Home | About | Sematext search-lucene.com search-hadoop.com
 Search Hadoop and all its subprojects:

Switch to Threaded View
Kafka >> mail # user >> 0.8 behavior change: consumer "re-receives" last batch of messages in a topic?


Copy link to this message
-
Re: 0.8 behavior change: consumer "re-receives" last batch of messages in a topic?
Hi,

I noticed the same thing. In 0.8.0 the offset passed to the fetch is where
you want to start, not where you left off. So the last offset read from the
previous batch is truly the 'last offset' so you need to save it and ask
for it +1. Otherwise you keep asking for that last offset, which is valid
so it keeps returning.

Be careful with the +1 logic. Don't keep adding 1 if you don't get
anything. It should always be 'last offset read +1'

I think this happened with the change from file-byte offsets to offset as a
message #.

Chris
On Wed, Mar 13, 2013 at 2:49 PM, Hargett, Phil <
[EMAIL PROTECTED]> wrote:

> I have 2 consumers in our scenario, reading from different brokers. Each
> broker is running standalone, although each have their own dedicated
> zookeeper instance for bookkeeping.
>
> After switching from 0.7.2, I noticed that both consumers exhibited high
> CPU usage.

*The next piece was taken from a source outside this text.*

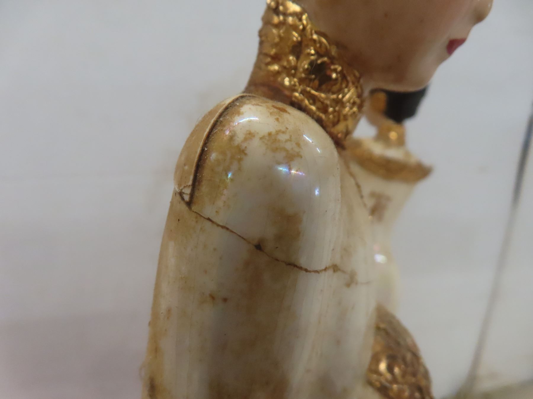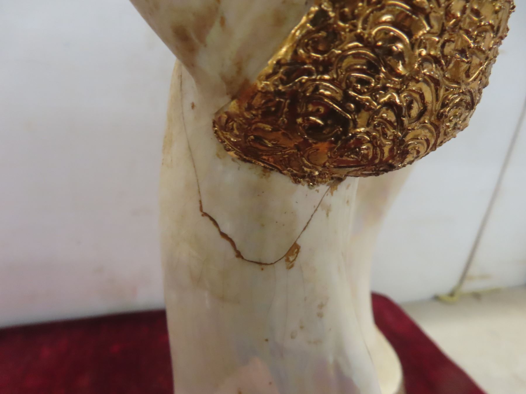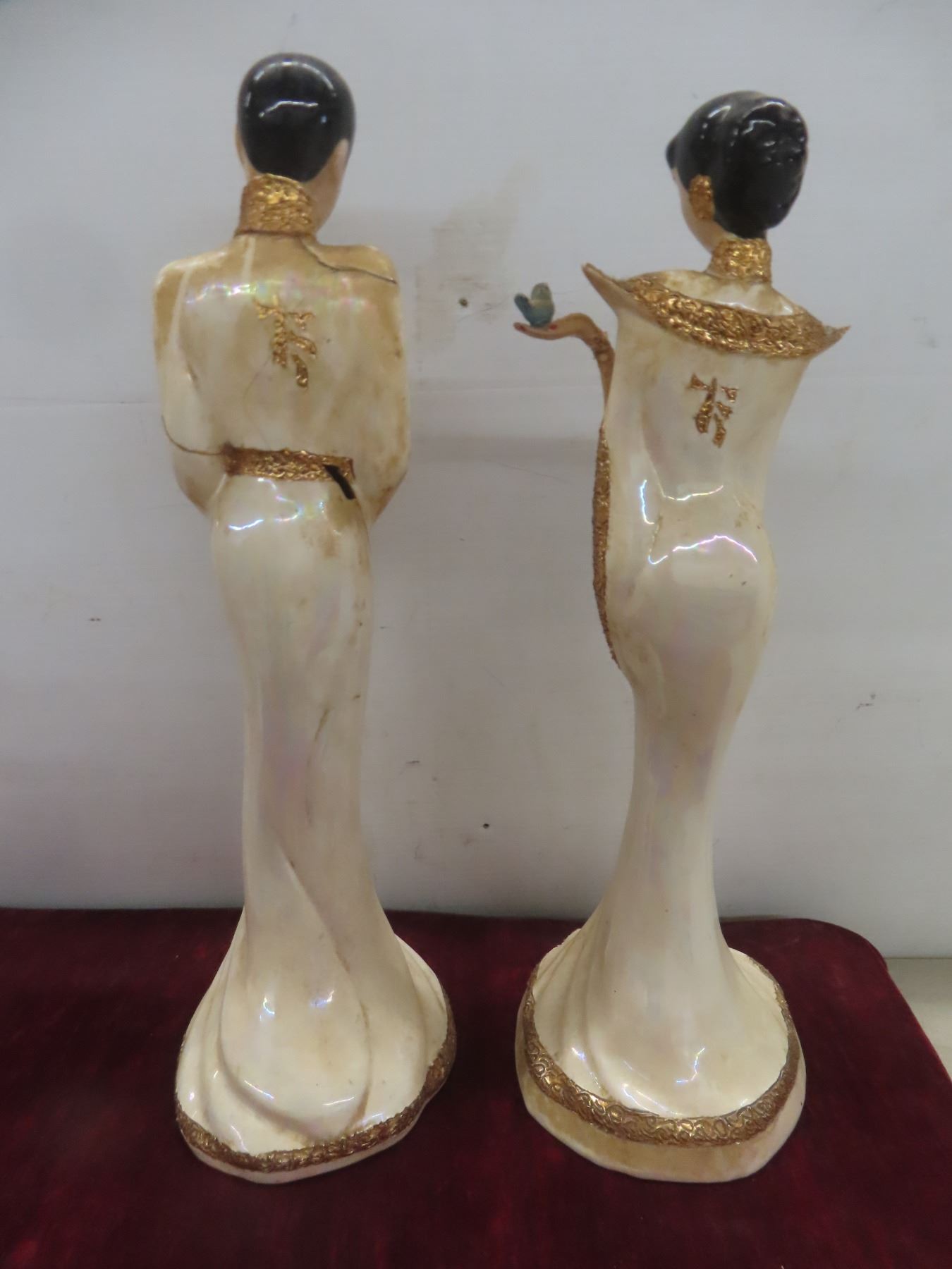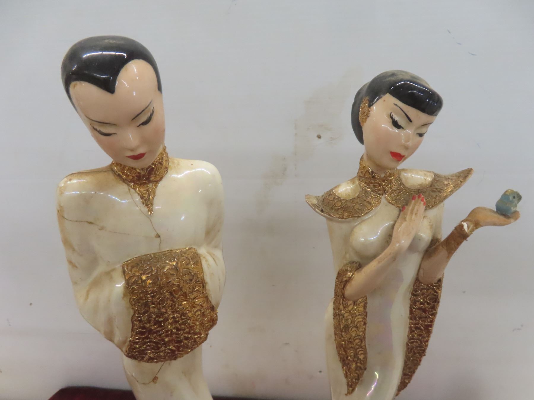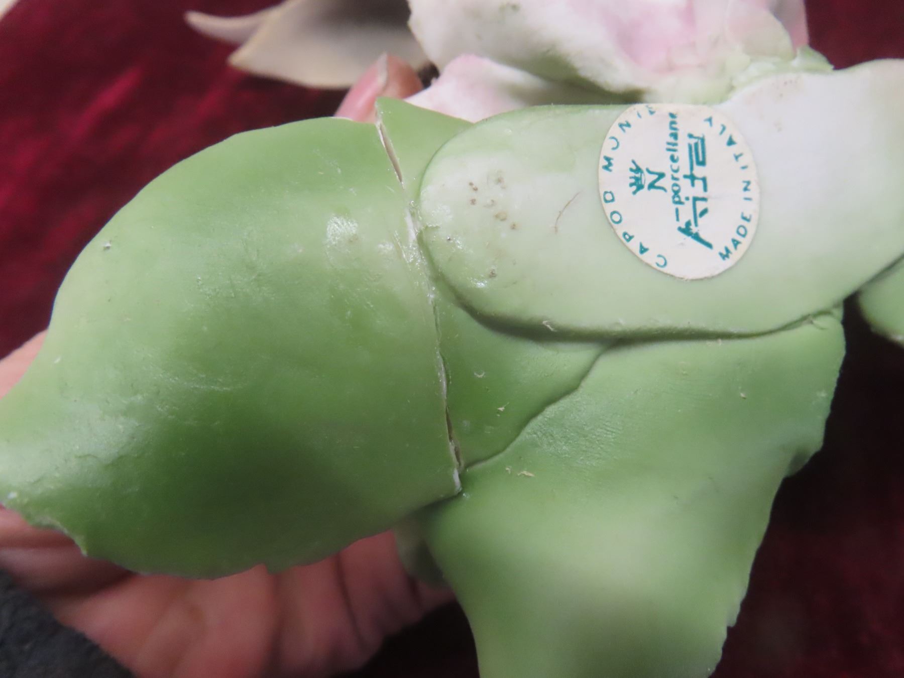 2 Porcelain Figurines (19" Tall, One Damaged), Vase, and 4 Ceramic Orchids by Capodimonte (One Damaged Piece)

I am not yet exploiting any zookeeper knowledge in my consumer
> code; I am just making calls to the SimpleConsumer in the java API, passing
> the host and port of my broker.
>
> In 0.7.2, I kept the last offset from messages received via a fetch, and
> used that as the offset passed into the fetch method when receiving the
> next message set.
>
> With 0.8, I had to add a check to drop fetched messages when the message's
> offset was less than my own offset, based on the last message I saw. If I
> didn't make that change, it seemed like the last 200 or so messages in my
> topic  (probably matches a magic batch size configured somewhere in all of
> this code) were continually refetched.
>
> In this scenario, my topic was no longer accumulating messages, as I had
> turned off the producer, so I was expecting the fetches to eventually
> either block, return an empty message set, or fail (not sure of semantics
> of fetch). Continually receiving the last "batch" of messages at the end of
> the topic was not a semantic I expected.
>
> Is this an intended change in behavior—or do I need to write better
> consumer code?
>
> Guidance, please.
>
> :)